Audio File Management

  • list_audio_files - Lists audio files with comprehensive filtering and sorting options:
    • Filter by regex pattern matching on filenames
    • Filter by file size, duration, modification time, or format
    • Sort by name, size, duration, modification time, or format
    • All operations support parallelized batch processing
  • get_latest_audio - Gets the most recently modified audio file with model support info

Audio Processing

  • convert_audio - Converts audio files to supported formats (mp3 or wav)
  • compress_audio - Compresses audio files that exceed size limits

Transcription

  • transcribe_audio - Basic transcription using OpenAI's Whisper model
  • transcribe_with_llm - Transcription with custom prompts using GPT-4o
  • transcribe_with_enhancement - Enhanced transcription with specialized templates:
    • detailed - Includes tone, emotion, and background details
    • storytelling - Transforms the transcript into a narrative form
    • professional - Creates formal, business-appropriate transcriptions
    • analytical - Adds analysis of speech patterns and key points

Supported Audio Formats

Model Supported Formats
Whisper mp3, mp4, mpeg, mpga, m4a, wav, webm
GPT-4o mp3, wav

Note: Files larger than 25MB are automatically compressed to meet API limits.

Example Usage with Claude

Basic Audio Transcription
Claude, please transcribe my latest audio file with detailed insights.

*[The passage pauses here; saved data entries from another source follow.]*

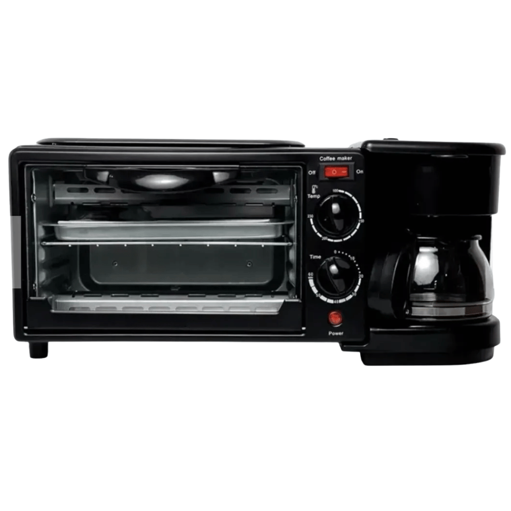 Desayunador eléctrico multifunción diseñado para preparar diferentes alimentos del desayuno en un solo equipo. Su estructura integra horno tostador y cafetera, permitiendo optimizar el tiempo mientras se preparan bebidas calientes y alimentos al mismo tiempo.
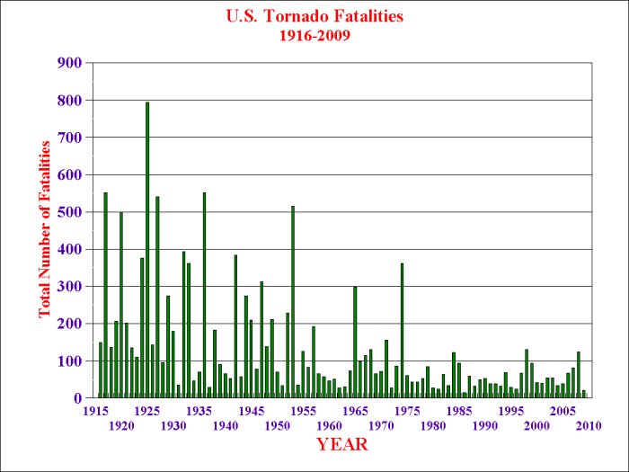 Tornado fatality data are considered fairly accurate throughout the entire 1916 to present time period.
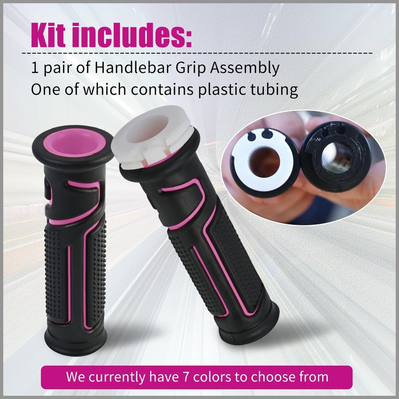 - Kit includes: 1 pair of Handlebar Grip Assembly, only one of which contains plastic tubing, we currently have 7 colors to choose from,
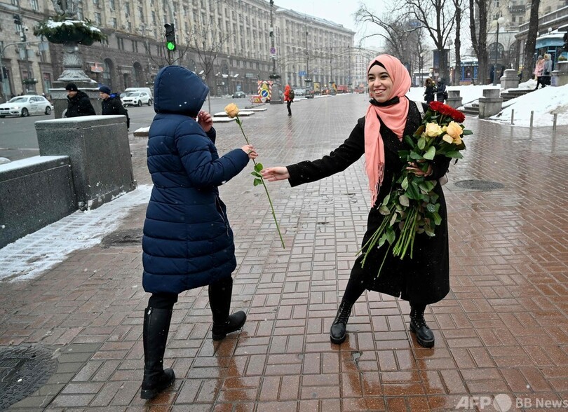 ニュース ライフ 「世界ヒジャブ・デー」 ムスリム女性が周知活動 ウクライナ 2021年2月2日 14:43 発信地:キエフ/ウクライナ [ ウクライナ ロシア・CIS ] このニュースをシェア ‹ › ❮ 5/7 ❯ ウクライナ・キエフで、道行く女性に花を贈るムスリム女性(2021年2月1日撮影)。(c)Sergei SUPINSKY / AFP 画像作成中 ! 【2月2日 AFP】世界ヒジャブ・デー(World Hijab Day)の1日、ウクライナ・キエフではムスリム女性協会のメンバーが、この日を祝して道行く女性に花を配りながら周知活動を行った。(c)AFP ライフ 一覧へ> メディア・報道関係・法人の方向け 写真・動画 購入のお問合せ>
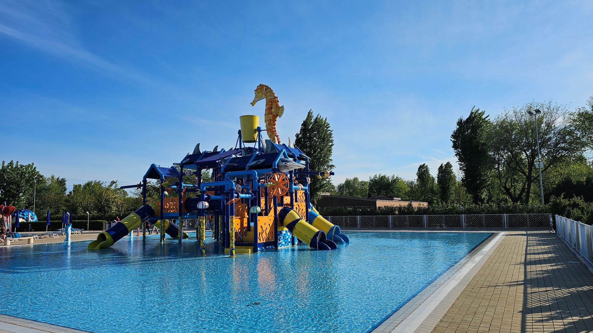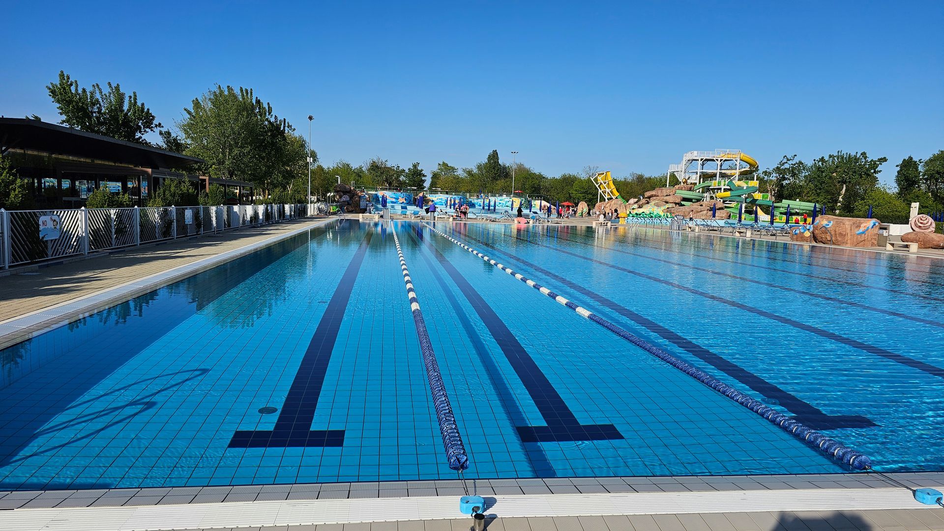 Ein Highlight auf dem Marina di Venezia ist der Aquapark. Auf 15.000 Quadratmetern befinden sich hier zehn Wasserbecken für jedes Alter und jeden Geschmack: vom Wellenbecken, über verschieden hohe Rutschen, die aufregende Funny Wave und Unterwassermassagebecken bis hin zur Sonnenterrasse und den Wasserspielen für die ganze Familie. Ob Bahnen Schwimmen im Olympic Pool oder entspannen im Jacuzzi - hier hat man die Qual der Wahl. Mich hat vor allem das riesengrosse und nicht beheizte Schwimmbecken angesprochen. Ich schwimme gerne kalt - doch das Wasser war einfach noch zu frisch. Es hat grosse Überwindung gekostet, überhaupt ins Wasser zu gehen und beim Schwimmen ist es einem auch nicht wärmer geworden. Schade.

Claude will automatically:

  1. Find the latest audio file using get_latest_audio
  2. Determine the appropriate transcription method
  3. Process the file with transcribe_with_enhancement using the "detailed" template
  4. Return the enhanced transcription
Advanced Audio File Search and Filtering
Claude, list all my audio files that are longer than 5 minutes and were created after January 1st, 2024, sorted by size.

Claude will:

  1. Convert the date to a timestamp
  2. Use list_audio_files with appropriate filters:
    • min_duration_seconds: 300 (5 minutes)
    • min_modified_time: <timestamp for Jan 1, 2024>
    • sort_by: "size"
  3. Return a sorted list of matching audio files with comprehensive metadata
Batch Processing Multiple Files
Claude, find all MP3 files with "interview" in the filename and create professional transcripts for each one.

Claude will:

  1. Search for files using list_audio_files with:
    • pattern: ".*interview.*\\.mp3"
    • format: "mp3"
  2. Process all matching files in parallel using transcribe_with_enhancement
    • enhancement_type: "professional"
  3. Return all transcriptions in a well-formatted output

Development

This project uses modern Python development tools including uv, pytest, ruff, and mypy.

# Run tests
uv run pytest

# Run with coverage
uv run pytest --cov=src

# Format code
uv run ruff format src

# Lint code
uv run ruff check src

# Run type checking (strict mode)
uv run mypy --strict src

# Run the pre-commit hooks
pre-commit run --all-files

CI/CD Workflow

The project uses GitHub Actions for CI/CD:

  1. Lint & Type Check: Ensures code quality with ruff and strict mypy type checking
  2. Tests: Runs tests on multiple Python versions (3.10, 3.11)
  3. Build: Creates distribution packages
  4. Publish: Automatically publishes to PyPI when a new version tag is pushed

To create a new release version:

git checkout main
# Make sure everything is up to date
git pull
# Create a new version tag
git tag v0.1.1
# Push the tag
git push origin v0.1.1

How It Works

For detailed architecture information, see Architecture Documentation.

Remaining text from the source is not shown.